Em março, somente três meses depois do triunfo da revolução, a máfia e os partidários de Batista, que havia dado abrigo ao ditador dominicano Rafael Leónidas Trujillo, planejam um complô para acabar com Castro, que ainda não havia revelado suas intenções de implantar o comunismo em Cuba. A máfia agora entra em contato com Morgan, e lhe oferece um milhão de dólares (3,72 milhões de reais) para matar o líder cubano. No último, e talvez principal serviço à revolução, Morgan conta a Castro sobre a oferta. “É seu principal papel na história de Cuba”, diz Bosch. Castro diz a Morgan para que continue com o jogo dos conspiradores. Faz uma viagem a Miami onde emissários de Batista, de Trujillo e da máfia lhe dizem que os planos mudaram e que agora o objetivo é dar um golpe de Estado no qual participariam alguns adeptos que permanecem em Cuba e militares da República Dominicana. Morgan, agora no papel de espião, revela os novos planos a Castro, que decide manter tudo em silêncio.

O então diretor do FBI, o lendário John Edgar Hoover, sabe da operação em andamento graças às informações fornecida pelos partidários de Batista. “Hoover estava feliz com o plano porque não confiava em Castro”, acrescenta Bosch. Mas o diretor do FBI não está convencido de algo: o papel de Morgan, de quem possuía um dossiê com sua trajetória de desertor, mafioso menor e revolucionário de última hora.

Morgan forneceu armas aos rebeldes através da máfia de Miami

Em seu jogo duplo, Morgan leva a Cuba carregamentos de armas para a rebelião que terminam nas mãos de Fidel Castro. A conspiração tramada por Batista e Trujillo fracassa em agosto de 1959 e os principais mentores dentro da ilha são presos. “Em 15 de agosto Fidel revela tudo e Morgan é a estrela, um herói que salvou a revolução”, diz Bosch.

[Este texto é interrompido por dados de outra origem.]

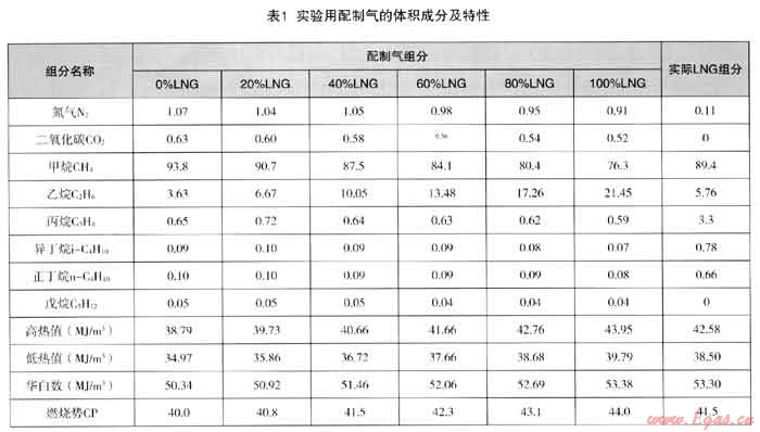 按照上述方案配制的LNG以不同比例(0、20%、40%、60%、80%、100%)與實(shí)驗(yàn)室管輸氣摻混即可模擬真實(shí)情況下用戶處的氣源組分。配氣裝置見圖1,配氣時(shí)采取西氣-乙烷-氮?dú)舛啻谓惶孢M(jìn)入的方式,盡可能保證均勻。監(jiān)測(cè)膜式燃?xì)獗硖幍娜細(xì)鉁囟龋员阌谶M(jìn)氣量的修正。配氣的目標(biāo)原則是華白數(shù)與目標(biāo)氣一致,燃燒勢(shì)盡可能接近。表1給出了實(shí)驗(yàn)室配制的測(cè)試用氣組分及特性,以LNG比例作為標(biāo)識(shí)。作為對(duì)比,同時(shí)給出了LNG的實(shí)際組分。
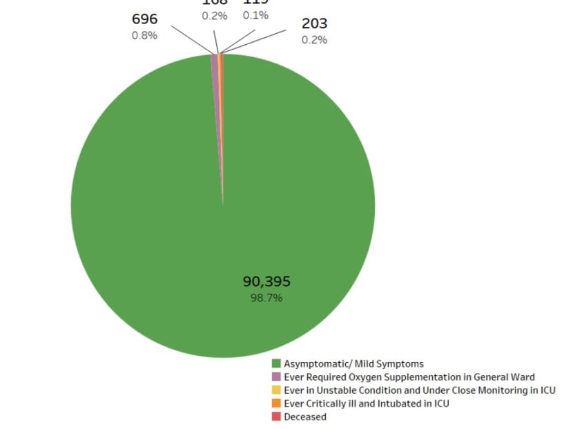 Over the last 28 days, the proportion of local cases who had mild or no symptoms was 98.7 per cent, MOH said. During the same period:

Após esse capítulo, os Estados Unidos retiram a nacionalidade de Morgan, que fica em Cuba e monta uma granja para criar rãs, cujas pernas exporta. Depois, como aconteceu com outros revolucionários, Morgan fica desapontado pelos passos dados por Fidel Castro. Quando ele se aproxima definitivamente da União Soviética e enfrenta os Estados Unidos, o comandante americano muda de lado. É junho de 1960. “Morgan é anticomunista, católico e americano e decide criar seu próprio exército para derrubar Fidel. Aí perde a cabeça”, afirma Bosch. Nas montanhas de Escambray, prepara uma segunda revolução, com a colaboração da CIA, a participação de alguns guerrilheiros da primeira e uns poucos partidários de Batista. A rebelião é sufocada em pouco tempo.

Após ser preso, Morgan foi fuzilado por conspirar contra Castro. Sua mulher Olga passou 10 anos na prisão e foi para os Estados Unidos durante a crise migratória de Mariel, onde ainda vive. Desde então, para o regime cubano, Morgan não é mais do que um infiltrado da CIA que merece ser esquecido. Para os Estados Unidos, que lhe devolveu a nacionalidade em 2007, um personagem de sua história que permaneceu no esquecimento.